Today, the weather was bad down at Gulfstream, and the races were pulled off the turf.  Those comments above are based on the race being run on turf.  I don’t know whether Gulfstream is running on less than firm turf tomorrow, or if this race will be relocated to the dirt.  Two races back, Tightend Touchdown ran a strong second in the Turf Monster (GIII) on yielding turf.  He has multiple dirt wins, including one on sloppy dirt.  Partyallnightlong also has far more dirt experience than typical for this field, and has won once on a muddy dirt track.  They are the two in this race with the best combination of performance and track record if this race is yanked off from the turf to the dirt.

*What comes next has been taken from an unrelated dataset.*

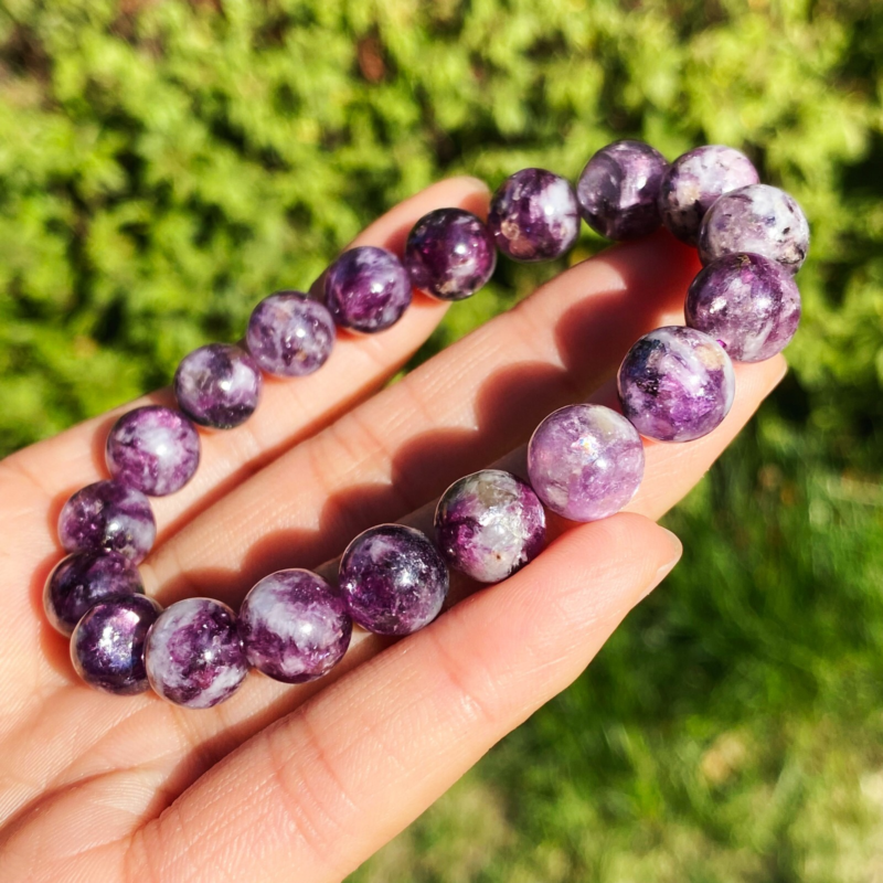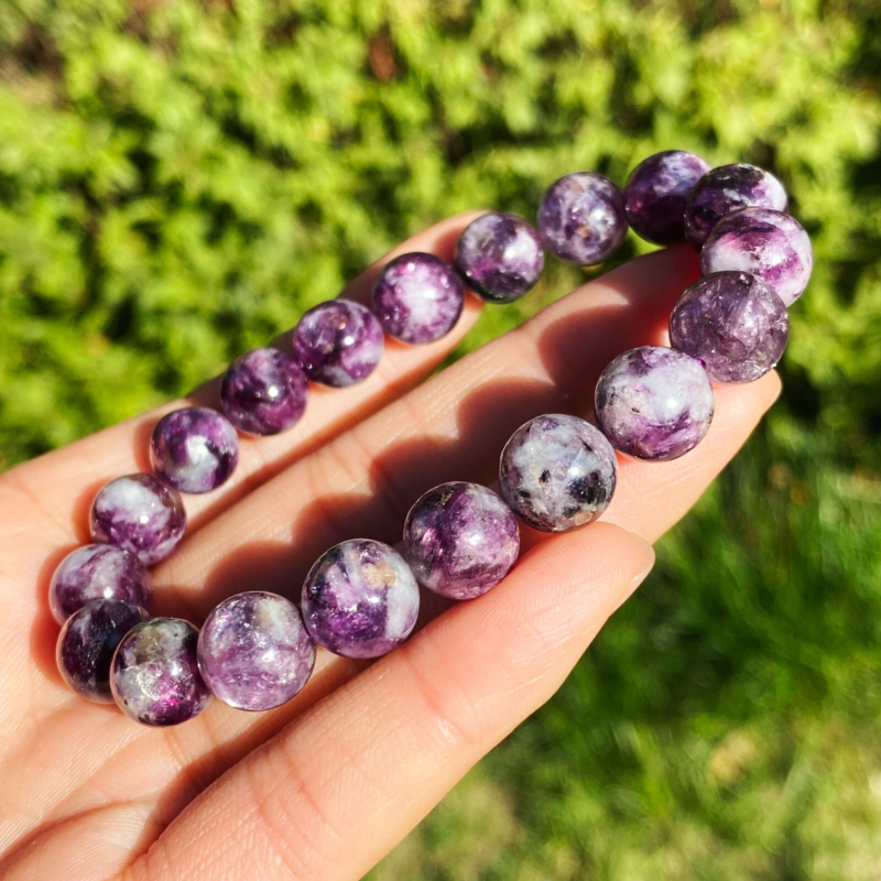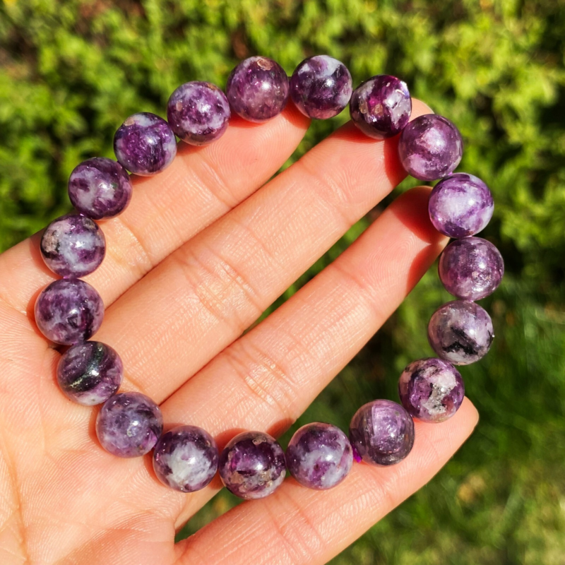 Natural Purple lepidolite Quartz Crystal Gemstone Beads Bracelet

Santa Anita: Arcadia Stakes (GII, 1mi on the turf)

Suggestive Boy is interesting.  He is the defending champion, but is coming off of a long lay — his last race was his nose win in the Kilroe (G1) last year.  He was sidelined with a splint.  If he comes back the same horse as he was last year, then there’s no question he can hang off the pace and then nab whoever is on the lead.  Winning Prize, the horse most likely to be on that lead, has taken a couple stabs at going 1 1/16mi in graded stakes his last two outs (the first of which, the Shadwell “Turf” “Mile”, wasn’t exactly intended to be such an attempt), but is dialing back to a mile here, which is his preferred distance.  The other horse relatively likely to be on that early lead, Regally Ready, is doing his first stakes-level turf mile, but has the speed to be a contender in this field.  Tom’s Tribute is interesting here, because he has shown he can win turf miles both on the lead as well as in a closing fashion.  This rates among the classiest fields he has faced in his career, but given how he has ran in this last few outings, he’s likely up for the challenge.

One horse I was surprised to see in this field is Unbridled’s Note.  He has only run two races longer than sprint distances, and neither of them went well for him.  He has proven himself to be a pretty good sprinter, but I don’t like him much past 6 1/2 furlongs.

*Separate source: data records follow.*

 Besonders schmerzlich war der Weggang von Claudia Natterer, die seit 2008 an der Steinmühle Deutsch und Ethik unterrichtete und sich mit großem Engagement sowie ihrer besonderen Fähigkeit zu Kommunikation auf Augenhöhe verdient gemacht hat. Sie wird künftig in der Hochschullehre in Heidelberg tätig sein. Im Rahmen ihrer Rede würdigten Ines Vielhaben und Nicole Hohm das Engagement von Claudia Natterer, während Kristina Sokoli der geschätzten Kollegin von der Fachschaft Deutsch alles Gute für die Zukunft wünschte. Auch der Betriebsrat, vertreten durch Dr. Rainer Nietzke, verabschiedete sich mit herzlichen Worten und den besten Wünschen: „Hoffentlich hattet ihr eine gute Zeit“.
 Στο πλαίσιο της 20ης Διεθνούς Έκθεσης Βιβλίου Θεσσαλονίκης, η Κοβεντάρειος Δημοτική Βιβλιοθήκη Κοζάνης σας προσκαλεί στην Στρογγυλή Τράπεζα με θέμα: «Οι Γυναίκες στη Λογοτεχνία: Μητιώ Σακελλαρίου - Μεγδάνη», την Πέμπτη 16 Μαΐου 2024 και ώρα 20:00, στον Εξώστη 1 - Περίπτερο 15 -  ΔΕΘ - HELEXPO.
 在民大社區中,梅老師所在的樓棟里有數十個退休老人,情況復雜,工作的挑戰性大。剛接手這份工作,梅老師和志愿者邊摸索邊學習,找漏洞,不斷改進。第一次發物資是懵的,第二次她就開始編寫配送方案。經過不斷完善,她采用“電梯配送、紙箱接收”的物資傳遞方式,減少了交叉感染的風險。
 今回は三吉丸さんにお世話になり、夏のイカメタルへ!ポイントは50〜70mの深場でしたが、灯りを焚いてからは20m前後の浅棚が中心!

Tampa Bay Downs: Lambholm South Tampa Bay Stakes (GIII, 1 1/16mi on the turf)

This is a tough one because the weather around Tampa has been bad.  Races were taken off the turf today, and I don’t know yet whether they’re pulling them off tomorrow as well, or whether they’ll be run on less-than-firm turf.  If it’s less than firm turf, there is some interesting information, since several of these horses ran last out in the El Prado, a race run over yielding turf at Tampa Bay Downs.  The only one who handled it particularly well was Salto, who finished 2nd by a head.  Philly Ace, though fourth beaten 5 1/2 in that El Prado, did win a race on yielding turf earlier in his career.  Really, no matter what the condition of the track, both Salto and Philly Ace are legitimate contenders in this race.  The only ones in the race who really like to get up to the front early are Salto and Mellow Fellow; Salto is just a faster horse than Mellow Fellow.  Philly Ace was on layoff from November 2012 to December 2013; the El Prado was his first start back.  If he can return near the form he had pre-layoff, he’s a threat from off the pace.  Seal Cove could be solid as a closing horse, if Salto has anyone trying to run with him on the lead.  He is a bit of a question mark, as he has been on lay since July, but he has been a regular on the Payson Park worktab, and seems ready for a return.

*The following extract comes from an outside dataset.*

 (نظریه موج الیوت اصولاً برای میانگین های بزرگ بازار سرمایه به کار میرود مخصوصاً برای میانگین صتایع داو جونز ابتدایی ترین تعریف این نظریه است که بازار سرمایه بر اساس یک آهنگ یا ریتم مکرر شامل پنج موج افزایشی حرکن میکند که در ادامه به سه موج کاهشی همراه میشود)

If the race is washed out to dirt, Looking Cool could be interesting.  He has raced most of his career on dirt:  three of his four career wins are on dirt, and two of those three are at this 1 1/16 mile distance.  This experience will come in handy if races are washed off of the turf tomorrow.  He may be a threat if the turf is decent, especially since Julian Leparoux (the jockey from his one turf win) has the mount again, but if the turf isn’t good, he was beaten so badly in the El Prado last out that he’s not a likely contender.

That’s all for Saturday.  Good luck!